Department of Molecular and Cell Biology, Henry M. Goldman School of Dental Medicine, Boston University, Boston, Massachusetts.
Am J Physiol Gastrointest Liver Physiol. 2014 Mar;306(6):G466-73. doi: 10.1152/ajpgi.00419.2013. Epub 2014 Jan 23.
Variations in the serine protease 1 (PRSS1) gene encoding human cationic trypsinogen have been conclusively associated with autosomal dominant hereditary pancreatitis and sporadic nonalcoholic chronic pancreatitis. Most high-penetrance PRSS1 variants increase intrapancreatic trypsin activity by stimulating trypsinogen autoactivation and/or by inhibiting chymotrypsin C-dependent trypsinogen degradation. Alternatively, some PRSS1 variants can cause trypsinogen misfolding, which results in intracellular retention and degradation with consequent endoplasmic reticulum stress. However, not all PRSS1 variants are pathogenic, and clinical relevance of rare variants is often difficult to ascertain. Here we review the PRSS1 variants published since 1996 and discuss their functional properties and role in chronic pancreatitis.

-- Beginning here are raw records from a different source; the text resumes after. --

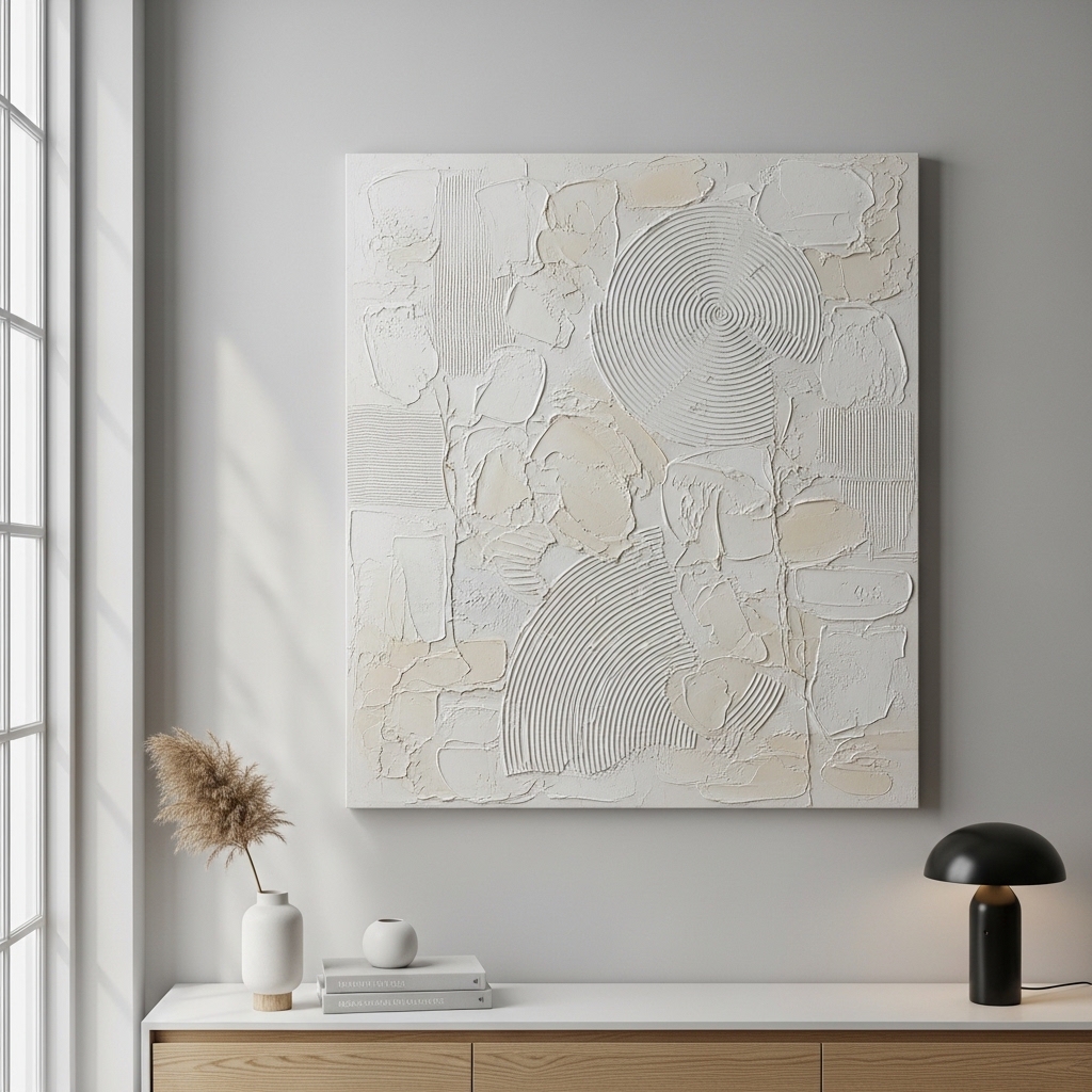 Create your own textured canvas using joint compound or plaster spread across a blank canvas with a putty knife. Keep the design abstract with soft, uneven strokes and allow it to dry fully before painting in neutral tones. Hang it as a standalone piece or pair it with minimal wall decor for a clean look.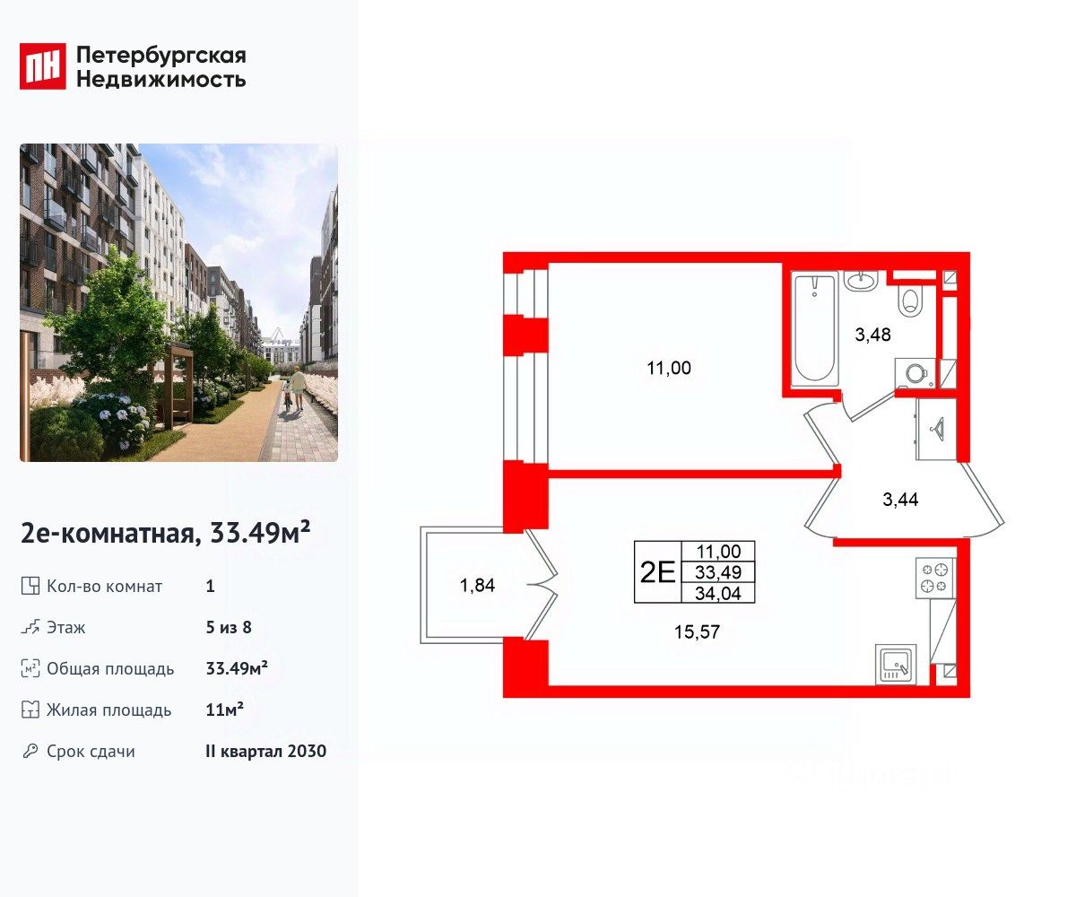 Удобная, классическая, функциональная европланировка, большая кухня-гостиная 15.57 м², вместительная прихожая 3.44 м². Общая площадь квартиры - 33.49 м², жилая 11 м², высота потолка 2.7 м.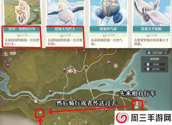 1、首先去租借一辆自行车,然后骑行或传送到浮絮巨鸥的巢穴。

丝氨酸蛋白酶 1(PRSS1)基因编码的人类阳离子胰蛋白酶原的变异与常染色体显性遗传性胰腺炎和散发性非酒精性慢性胰腺炎有明确的关联。大多数高外显率的 PRSS1 变体通过刺激胰蛋白酶原自动激活和/或抑制糜蛋白酶 C 依赖性胰蛋白酶原降解来增加胰内胰蛋白酶活性。或者,一些 PRSS1 变体可导致胰蛋白酶原错误折叠,导致细胞内滞留和降解,从而导致内质网应激。然而,并非所有 PRSS1 变体都是致病性的,稀有变体的临床相关性通常难以确定。在这里,我们回顾了自 1996 年以来发表的 PRSS1 变体,并讨论了它们的功能特性及其在慢性胰腺炎中的作用。